** Study material follows **

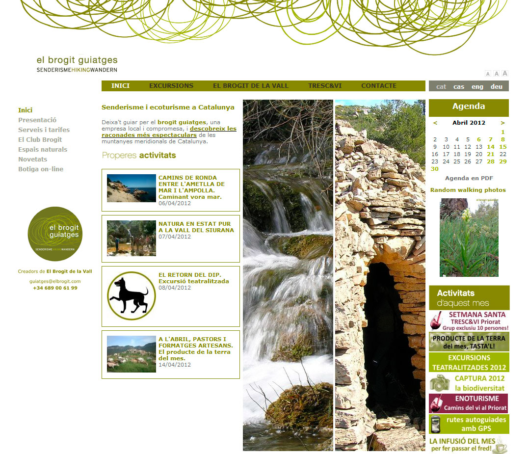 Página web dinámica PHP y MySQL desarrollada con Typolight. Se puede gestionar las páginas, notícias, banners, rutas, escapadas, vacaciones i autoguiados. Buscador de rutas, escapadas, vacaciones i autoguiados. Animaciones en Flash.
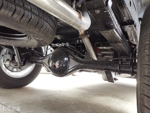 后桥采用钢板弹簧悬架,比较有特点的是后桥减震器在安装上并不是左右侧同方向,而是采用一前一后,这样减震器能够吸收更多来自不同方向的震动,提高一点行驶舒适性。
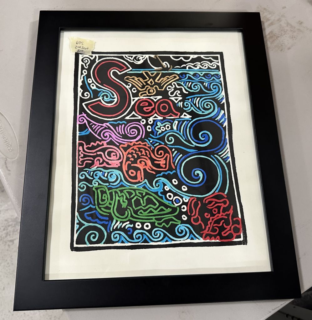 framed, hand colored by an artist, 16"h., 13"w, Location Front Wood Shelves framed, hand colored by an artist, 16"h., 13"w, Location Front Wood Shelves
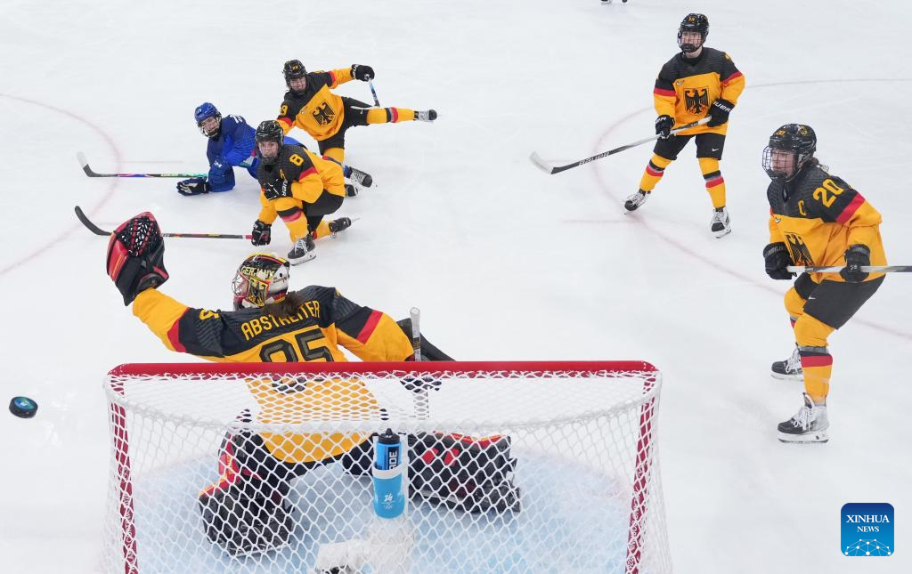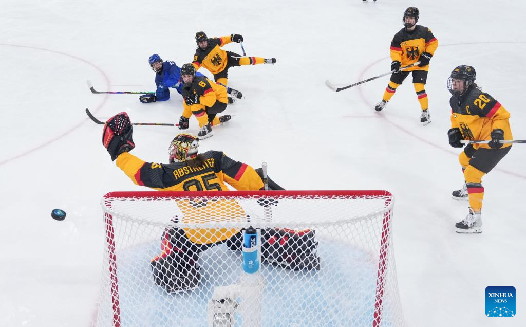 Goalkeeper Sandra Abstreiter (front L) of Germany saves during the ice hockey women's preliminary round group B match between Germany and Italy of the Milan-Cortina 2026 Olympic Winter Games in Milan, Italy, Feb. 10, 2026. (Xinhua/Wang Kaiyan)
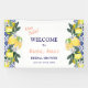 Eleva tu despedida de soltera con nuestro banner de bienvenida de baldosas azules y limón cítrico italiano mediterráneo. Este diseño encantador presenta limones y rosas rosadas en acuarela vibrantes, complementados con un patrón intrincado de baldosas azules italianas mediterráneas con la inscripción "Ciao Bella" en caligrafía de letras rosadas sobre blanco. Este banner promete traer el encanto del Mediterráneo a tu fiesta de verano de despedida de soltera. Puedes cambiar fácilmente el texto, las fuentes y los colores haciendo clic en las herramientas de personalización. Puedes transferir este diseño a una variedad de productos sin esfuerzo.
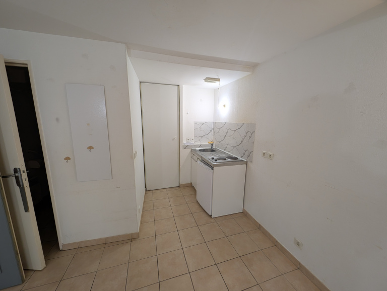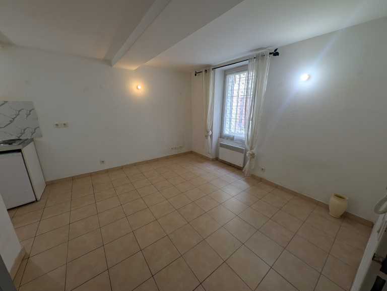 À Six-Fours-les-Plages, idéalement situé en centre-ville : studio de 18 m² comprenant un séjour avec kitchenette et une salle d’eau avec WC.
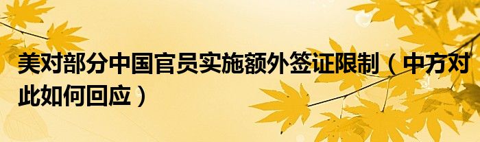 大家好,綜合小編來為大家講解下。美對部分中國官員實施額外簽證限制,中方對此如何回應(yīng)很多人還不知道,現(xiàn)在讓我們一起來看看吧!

** End of Study material **
** Study material follows **

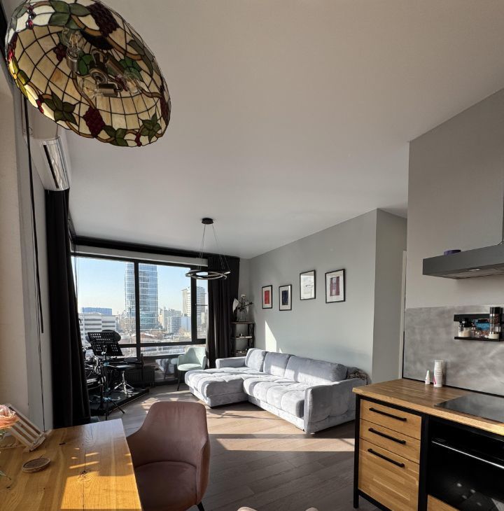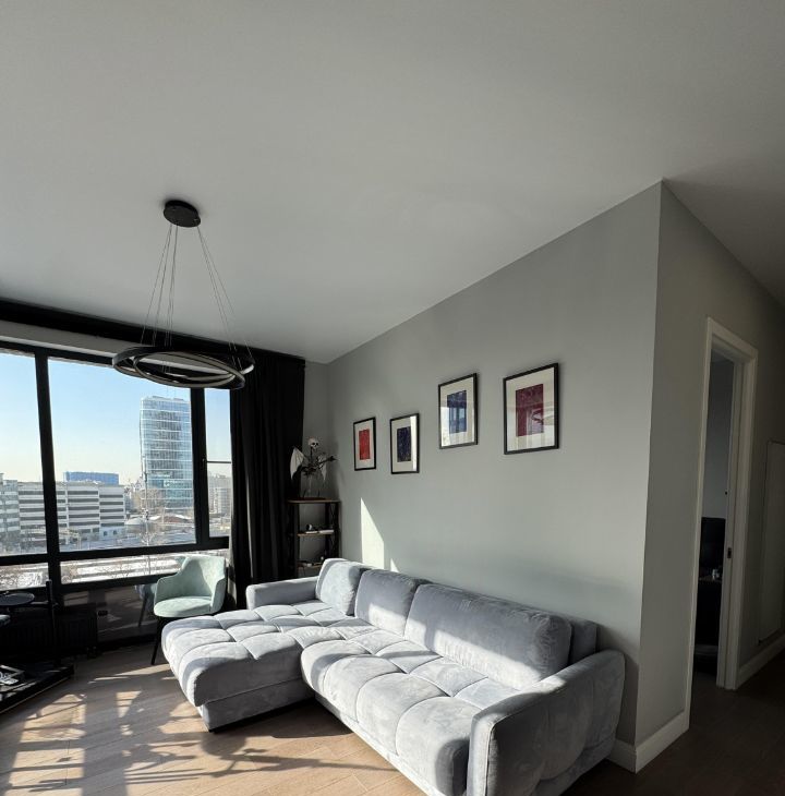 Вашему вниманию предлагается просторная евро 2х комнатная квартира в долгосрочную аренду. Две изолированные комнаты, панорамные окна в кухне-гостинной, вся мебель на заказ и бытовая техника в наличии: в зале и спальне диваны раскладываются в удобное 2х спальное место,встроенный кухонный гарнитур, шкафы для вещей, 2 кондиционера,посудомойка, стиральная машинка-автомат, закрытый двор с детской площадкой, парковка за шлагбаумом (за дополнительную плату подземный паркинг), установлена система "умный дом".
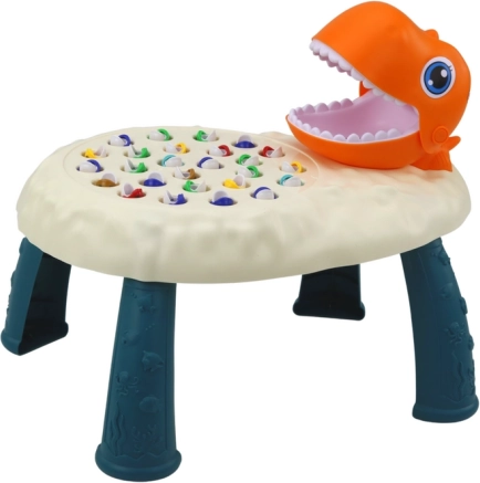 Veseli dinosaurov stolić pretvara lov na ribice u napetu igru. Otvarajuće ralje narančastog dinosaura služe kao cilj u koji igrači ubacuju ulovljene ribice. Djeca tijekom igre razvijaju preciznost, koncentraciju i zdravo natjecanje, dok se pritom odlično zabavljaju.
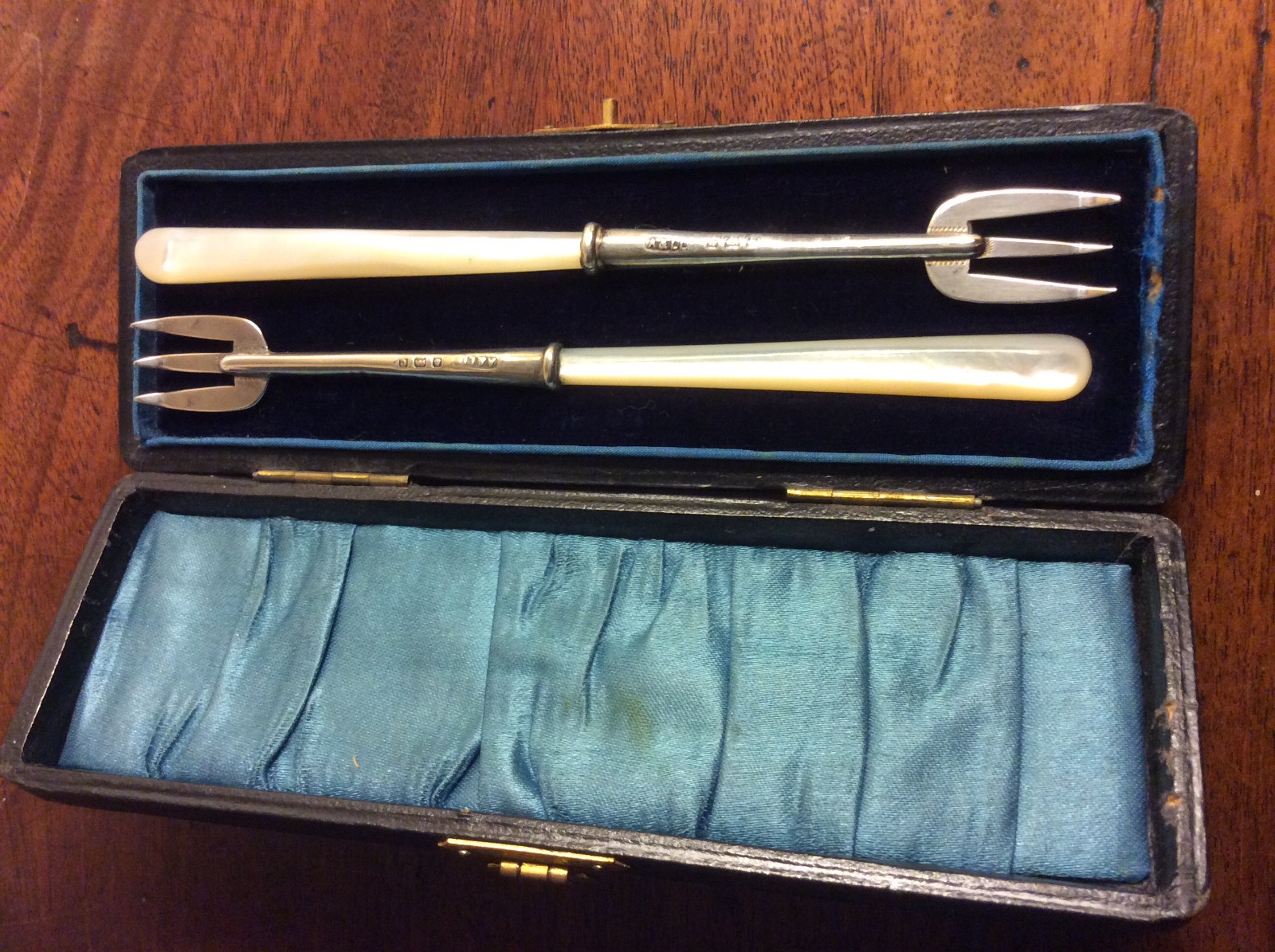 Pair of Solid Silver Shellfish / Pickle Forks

** End of Study material **

**What the exercise asks**:
In the records above, find the line with "Veseli dinosaurov stolić" and the line with "Pair of Solid", then restate word for word only those two lines and all lines between, omitting pictures.

**Exercise output**:
 Veseli dinosaurov stolić pretvara lov na ribice u napetu igru. Otvarajuće ralje narančastog dinosaura služe kao cilj u koji igrači ubacuju ulovljene ribice. Djeca tijekom igre razvijaju preciznost, koncentraciju i zdravo natjecanje, dok se pritom odlično zabavljaju.
 Pair of Solid Silver Shellfish / Pickle Forks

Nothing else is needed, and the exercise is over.